Acked-by: Masami Hiramatsu <masami.hiramatsu.pt@hitachi.com>
Thank you,

> 
> Signed-off-by: Jason Baron <jbaron@redhat.com>
> Reported-by: Ingo Molnar <mingo@elte.hu>
> ---
>  include/linux/jump_label.h |    5 +++++
>  kernel/jump_label.c        |   33 +++++++++++++++++++++------------
>  kernel/kprobes.c           |    6 ++++++
>  3 files changed, 32 insertions(+), 12 deletions(-)
> 
> diff --git a/include/linux/jump_label.h b/include/linux/jump_label.h
> index b72cd9f..cf213d1 100644
> --- a/include/linux/jump_label.h
> +++ b/include/linux/jump_label.h
> @@ -18,6 +18,8 @@ struct module;
>  extern struct jump_entry __start___jump_table[];
>  extern struct jump_entry __stop___jump_table[];
>  
> +extern void jump_label_lock(void);
> +extern void jump_label_unlock(void);
>  extern void arch_jump_label_transform(struct jump_entry *entry,
>  				 enum jump_label_type type);
>  extern void arch_jump_label_text_poke_early(jump_label_t addr);
> @@ -59,6 +61,9 @@ static inline int jump_label_text_reserved(void *start, void *end)
>  	return 0;
>  }
>  
> +static inline void jump_label_lock(void) {}
> +static inline void jump_label_unlock(void) {}
> +
>  #endif
>  
>  #endif
> diff --git a/kernel/jump_label.c b/kernel/jump_label.c
> index e2fad92..2add1a7 100644
> --- a/kernel/jump_label.c
> +++ b/kernel/jump_label.c
> @@ -39,6 +39,16 @@ struct jump_label_module_entry {
>  	struct module *mod;
>  };
>  
> +void jump_label_lock(void)
> +{
> +	mutex_lock(&jump_label_mutex);
> +}
> +
> +void jump_label_unlock(void)
> +{
> +	mutex_unlock(&jump_label_mutex);
> +}
> +
>  static int jump_label_cmp(const void *a, const void *b)
>  {
>  	const struct jump_entry *jea = a;
> @@ -152,7 +162,7 @@ void jump_label_update(unsigned long key, enum jump_label_type type)
>  	struct jump_label_module_entry *e_module;
>  	int count;
>  
> -	mutex_lock(&jump_label_mutex);
> +	jump_label_lock();
>  	entry = get_jump_label_entry((jump_label_t)key);
>  	if (entry) {
>  		count = entry->nr_entries;
> @@ -175,7 +185,7 @@ void jump_label_update(unsigned long key, enum jump_label_type type)
>  			}
>  		}
>  	}
> -	mutex_unlock(&jump_label_mutex);
> +	jump_label_unlock();
>  }
>  
>  static int addr_conflict(struct jump_entry *entry, void *start, void *end)
> @@ -232,6 +242,7 @@ out:
>   * overlaps with any of the jump label patch addresses.

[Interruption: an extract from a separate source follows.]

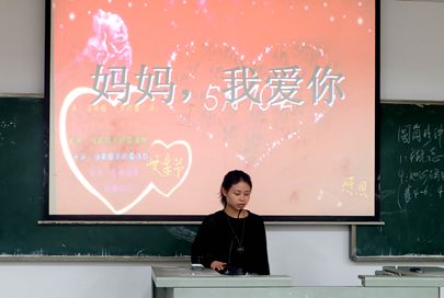 517日晚上700,外语系在主教楼318召开“温情五月,感恩父母”主题班会,参加的人员有辅导员周春红、外语系13商英班和14级全体同学。

Code
>   * that wants to modify kernel text should first verify that
>   * it does not overlap with any of the jump label addresses.
> + * Caller must hold jump_label_mutex.
>   *
>   * returns 1 if there is an overlap, 0 otherwise
>   */
> @@ -242,7 +253,6 @@ int jump_label_text_reserved(void *start, void *end)
>  	struct jump_entry *iter_stop = __start___jump_table;
>  	int conflict = 0;
>  
> -	mutex_lock(&jump_label_mutex);
>  	iter = iter_start;
>  	while (iter < iter_stop) {
>  		if (addr_conflict(iter, start, end)) {
> @@ -257,7 +267,6 @@ int jump_label_text_reserved(void *start, void *end)
>  	conflict = module_conflict(start, end);
>  #endif
>  out:
> -	mutex_unlock(&jump_label_mutex);
>  	return conflict;
>  }
>  
> @@ -268,7 +277,7 @@ static __init int init_jump_label(void)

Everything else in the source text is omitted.